I agree with that. However, one thing I have learned is that no matter how powerful the hardware gets or how much storage you have programmers will find a way to piss it away. Basically they write very bloated code.
Blame MS & CompSci Universities who aren't pushing C/C++ as the basic Programming language everybody should be using to learn on.
They're wanting more abstracted / slower programming languages like Java & Python that abstracts memory management away from the programmer.
On top of that, you have many layers of API that are stacked on top of each other along with programming for the Web as the default way to learn programming these days.
Go look at MS Teams, it's BLOATED as hell & Super Slow for a basic IM client.

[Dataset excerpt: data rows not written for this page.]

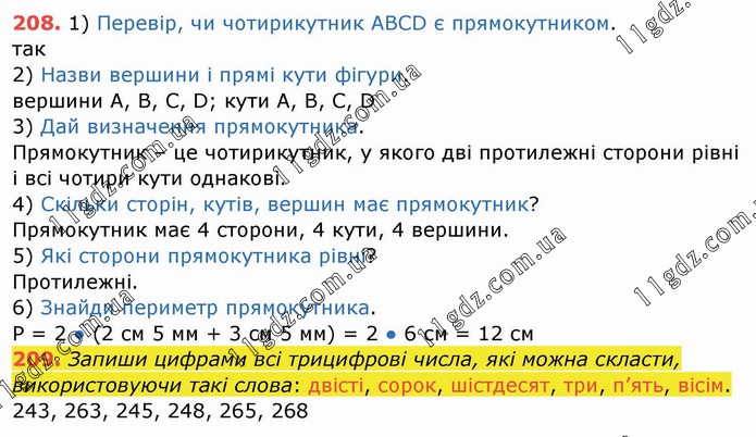 1) Перевір, чи чотирикутник АВСD є прямокутником. так 2) Назви вершини і прямі кути фігури. вершини А, В, С, D; кути А, В, С, D 3) Дай визначення прямокутника. Прямокутник – це чотирикутник, у якого дві протилежні сторони рівні і всі чотири кути однакові. 4) Скільки сторін, кутів, вершин має прямокутник? Прямокутник має 4 сторони, 4 кути, 4 вершини. 5) Які сторони прямокутника рівні? Протилежні. 6) Знайди периметр прямокутника. Р = 2 ● (2 см 5 мм + 3 см 5 мм) = 2 ● 6 см = 12 см 209. Запиши цифрами всі трицифрові числа, які можна скласти, використовуючи такі слова: двісті, сорок, шістдесят, три, п’ять, вісім. 243, 263, 245, 248, 265, 268
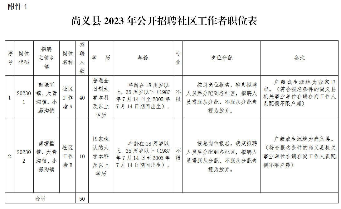 附件:1.尚義縣2023年公開招聘社區(qū)工作者職位表
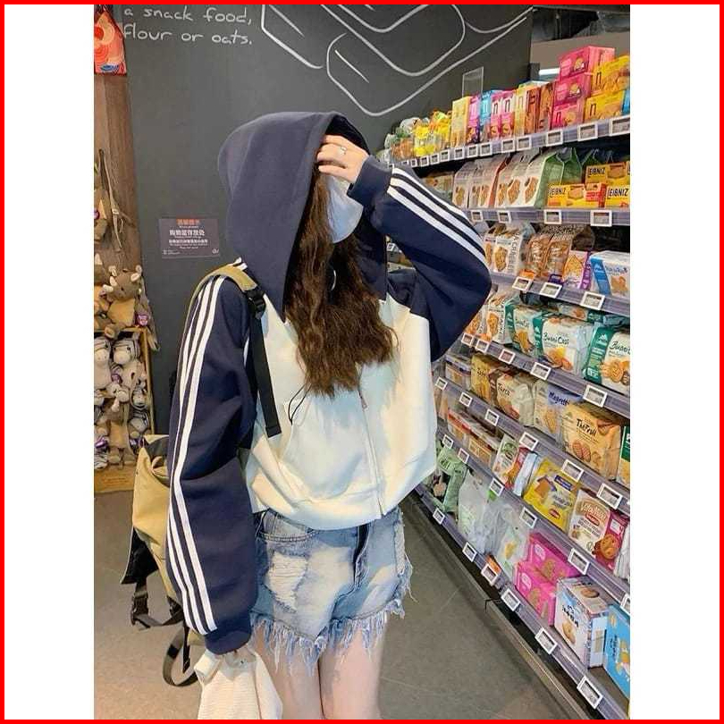 Chinami Jaket Crop Wanita Korean Style - Jaket Hoodie Crop Wanita Oversize

Back in the 90's, we have super fast IM clients written in C/C++ that took little to no memory & storage.
Now everybody is peddling easy/cheap coders who use very abstracted languages and programming API's that are stacked on many layers.

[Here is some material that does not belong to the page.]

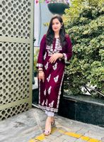 pinkish red suit with golden thread work,looks very nice ,four side golden border on duppatta.

It's getting too slow because they're trying to peddle out Mc-Degrees at cheapo Uni's & Coding Training camps.
If this were 2010 and SSD itself was still very expensive then I would agree. However, with the price of SSD it doesn't make sense to do that to HDDs. HDDs are now used for bulk storage and backups. Back in 2015 HGST, now they are WD, made a media cache that used spare area on the disk platter to increase write performance. Basically it worked in such a way that they were able to wait until they had a QD of 256 and then write all the data at once. This ended up giving them excellent performance, at least for HDDs, in actual use. They were able to get 250MB read/write speeds most of the time and increased IOPS. It ended up that their 7200RPM drive had performance of a 10k drive and their 10k was that of a 15k. In the end they were limited in performance by the actuator and still today that is the biggest limiting factor for HDDs. This is why you are seeing drives coming out with dual actuators and that doubles their performance. Adding Optane to this will perhaps make your burst speed better but you will have diminishing returns.
But Burst Speeds & Reads/Writes are what everybody worries about in the SSD world.
Once you get past that large SLC cache, performance for SSD's tank dramatically.
Having Optane attached to the HDD controller board would act like a large SLC cache would for NAND Flash based SSD's.
Realistically, given most consumers these days, how often are you sending in Multi-GigaByte files?
Are you sending in more than 32 GiB in one large burst?
Realistically, having 256 GiB of Optane on 20 TB of HDD is more than enough for most work loads where the end user could possibly flood a HDD Controller by accident because they weren't paying attention.
That large optane buffer would buy alot of time for the Actuators & Servo's to do their job.